Corruption continues to be a pervasive issue. Nigeria ranks 145th out of 180 countries on Transparency International’s 2023 Corruption Perceptions Index, with a score of 25/100. Democratic institutions meant to check graft—such as anti-corruption agencies and the legislature—often struggle due to political interference and weak enforcement mechanisms.
Security challenges have also strained Nigeria’s democracy. Insurgency in the North East, banditry in the North West, separatist agitations in the South East, and herder-farmer conflicts across the Middle Belt have collectively resulted in thousands of deaths and displacements. According to the Global Terrorism Index 2024, Nigeria ranks as the eighth most impacted country by terrorism. The government’s difficulty in ensuring safety erodes public confidence in the state’s capacity and legitimacy.
The economy poses another critical remonstrance. Nigeria’s Gross Domestic Product (GDP) per capita stands at approximately $2,400 as of 2024, with over 40 per cent of the population living below the national poverty line. High unemployment and inflation have fueled discontent and disillusionment with democratic governance, especially among youth. Without addressing economic grievances, the democratic dividend will remain elusive for many Nigerians.
Ethnic and religious divisions further complicate Nigeria’s democratic consolidation. Politicians often exploit identity politics for electoral gains, exacerbating social tensions. Although federal character principles aim to promote inclusiveness, they have also sometimes fostered a quota mentality rather than merit-based appointments.
Gender representation remains inadequate in Nigeria’s democratic institutions. Women occupy less than 10 per cent of seats in the National Assembly, one of the lowest rates globally. Efforts to pass gender parity bills have faced stiff resistance, highlighting deep-seated cultural and institutional barriers to female political participation.

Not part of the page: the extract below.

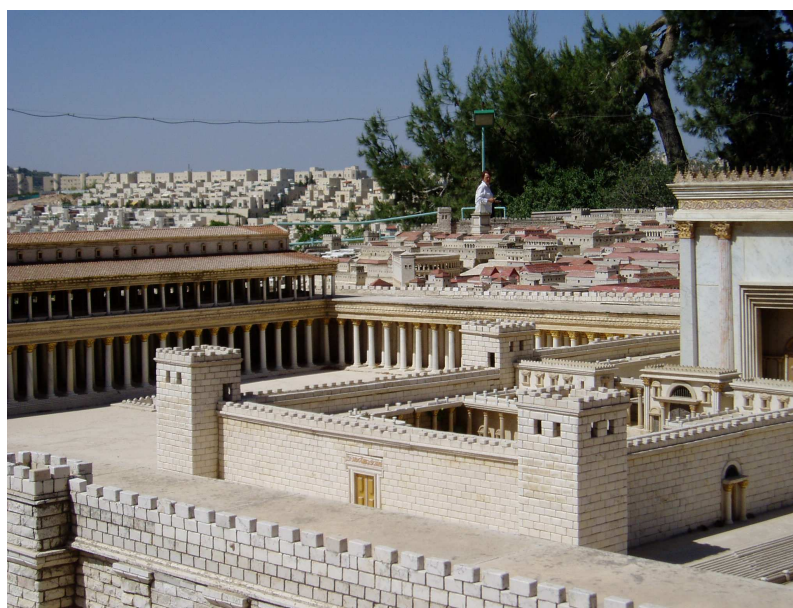
Maquette de la ville

Puis visite de la maquette de la ville de Jérusalem du temps du Christ.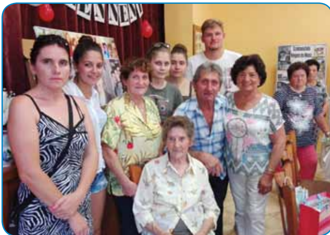
S člani ožje družine

kov. Županja Valerija Rogan ji je čestitala v imenu članov samouprave in ji je predala spo-

Civil liberties, while constitutionally guaranteed, are under threat. Crackdowns on protesters, restrictions on press freedom, and surveillance of activists reveal an authoritarian streak within the democratic framework. The controversial Twitter ban in 2021 exemplified the country’s willingness to curb digital freedoms, prompting domestic and international criticism.
The political crisis in Rivers State embodies broader democratic struggles. Attempts to control the state through undemocratic means expose weaknesses in federal institutions and the rule of law. Immediate restoration of democratic governance in Rivers State is vital to preserving Nigeria’s democratic integrity and institutional credibility.
Local governments remain under the control of state governors, depriving citizens of grassroots democracy. Last year’s Supreme Court judgment on local government autonomy is promising, but state-level resistance threatens its implementation. Genuine autonomy would bring governance closer to the people and foster democratic innovation.
As we mark Democracy Day, we must honour the sacrifices of Chief M.K.O. Abiola, Kudirat Abiola, Femi Falana, Chief Gani Fawehinmi, Pa Alfred Rewane, President Bola Tinubu, and countless others, who fought for Nigeria’s freedom. As democracy in Nigeria continues to evolve after 26 years, this day should inspire action toward its renewal. With despotism and state failure as real threats, both citizens and leaders must take responsibility—citizens by demanding more, and leaders by delivering. Excuses are no longer acceptable.